Three bags of jelly beans contain $26, 28,$ and $30$ beans. The ratios of yellow beans to all beans in each of these bags are $50\%,$ $25\%,$ and $20\%,$ respectively. All three bags of candy are dumped into one bowl. Which of the following is closest to the ratio of yellow jelly beans to all beans in the bowl?

$31\%$

$32\%$

$33\%$

$35\%$

$95\%$

Answer: A

Solution(s):

There are \[ 26 \cdot .5 = 26 \div 2 = 13 \] yellow jelly beans in the first bag, \[ 28 \cdot .25 = 28 \div 4 = 7 \] yellow jelly beans in the second bag, and \[ 30 \cdot .2 = 30 \div 5 = 6 \] yellow jelly beans in the third bag.

The total number of yellow jelly beans is \[ 13 + 7 + 6 = 26 \] and the total number of jelly beans is \[ 26 + 28 + 30 = 84. \] The ratio of yellow jelly beans to all the beans is \[ \dfrac{26}{84} \cdot 100 \% = \dfrac{13}{42} \cdot 100 \%\]\[ \approx 30.9 \%. \]

Thus, A is the correct answer.

14.

There is a set of five positive integers whose average (mean) is $5,$ whose median is $5,$ and whose only mode is $8.$ What is the difference between the largest and smallest integers in the set?

$3$

$5$

$6$

$7$

$8$

Answer: D

Solution(s):

The sum of all the numbers in the list is $5 \cdot 5 = 25.$

The only mode is $8,$ which means that there are guaranteed two $8$ s.

The sum of the numbers is up to \[ 2 \cdot 8 + 5 = 16 + 5 = 21. \]

The other two numbers must then add to $4.$ They are both positive and not equal, leaving the only possible two numbers as \[ 1 \text{ and } 3. \]

The desired difference is then \[ 8 - 1 = 7. \]

Thus, D is the correct answer.

15.

Each side of the large square in the figure is trisected (divided into three equal parts). The corners of an inscribed square are at these trisection points, as shown. The ratio of the area of the inscribed square to the area of the large square is

$\dfrac{\sqrt{3}}{3}$

$\dfrac{5}{9}$

$\dfrac{2}{3}$

$\dfrac{\sqrt{5}}{3}$

$\dfrac{7}{9}$

Answer: B

Solution(s):

Let $3x$ be the side length of the large square. Then we can find the side length of the inner square via \[ \sqrt{(2x)^2 + x^2} = \sqrt{5x^2} = x\sqrt{5} \] from the Pythagorean Theorem.
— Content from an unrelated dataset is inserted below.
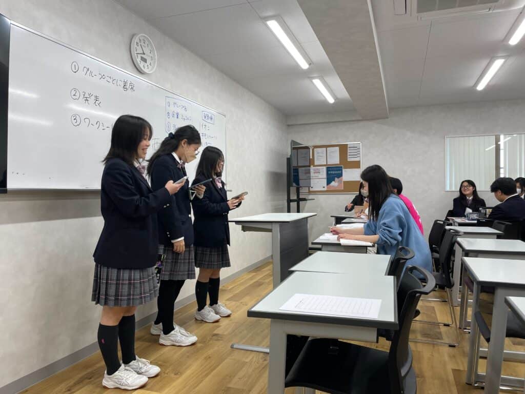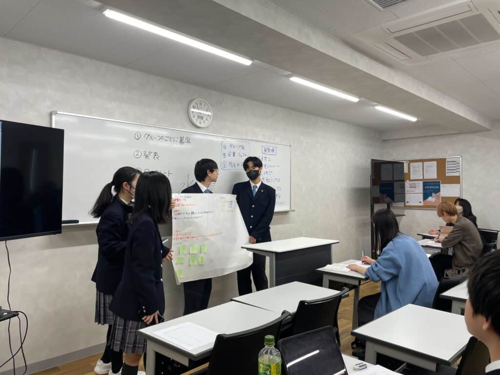 1年生は5月からキャリア探究Ⅰという授業の中で教育と探究社の「コーポレートアクセス」に取り組んできました。今回は桜美林大学入学部に所属しているディスカバ!から特別講師の方に来ていただきました。企業からいただいた課題に対してグループごとに提案を考え、プチ発表会を行い、特別講師に講評をいただきました。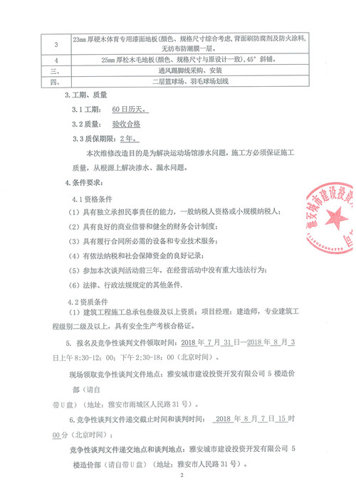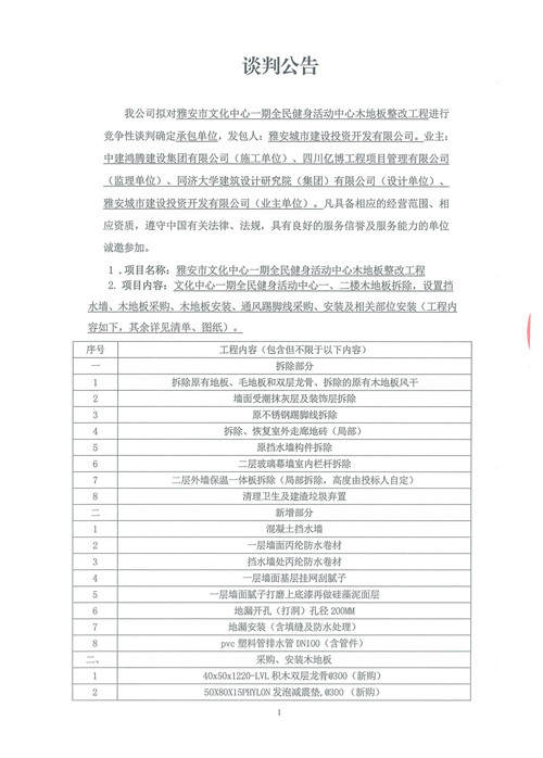 雅安市文化中心一期全民健身活動(dòng)中心木地板整改工程——競爭性談判公告

The area of the larger square is \[ (3x)^2 = 9x^2 \] and that of the inner square is \[ (x\sqrt{5})^2 = 5x^2. \]

The ratio of the areas is then $\dfrac{5}{9}.$

Thus, B is the correct answer.

16.

Penni Precisely buys $$ 100$ worth of stock in each of three companies: Alabama Almonds, Boston Beans, and California Cauliflower. After one year, AA was up $20 \%,$ BB was down $25 \%,$ and CC was unchanged. For the second year, AA was down $20 \%$ from the previous year, BB was up $25 \%$ from the previous year, and CC was unchanged. If $A, B,$ and $C$ are the final values of the stock, then

$A = B = C$

$A = B \lt C$

$C \lt B = A$

$A \lt B \lt C$

$B \lt A \lt C$

Answer: E

Solution(s):

After the first year, AA's stock's worth goes up to \[ $ 100 \cdot 1.2 = $ 120 \] and BB's goes down to \[ $ 100 \cdot .75 = $ 75. \]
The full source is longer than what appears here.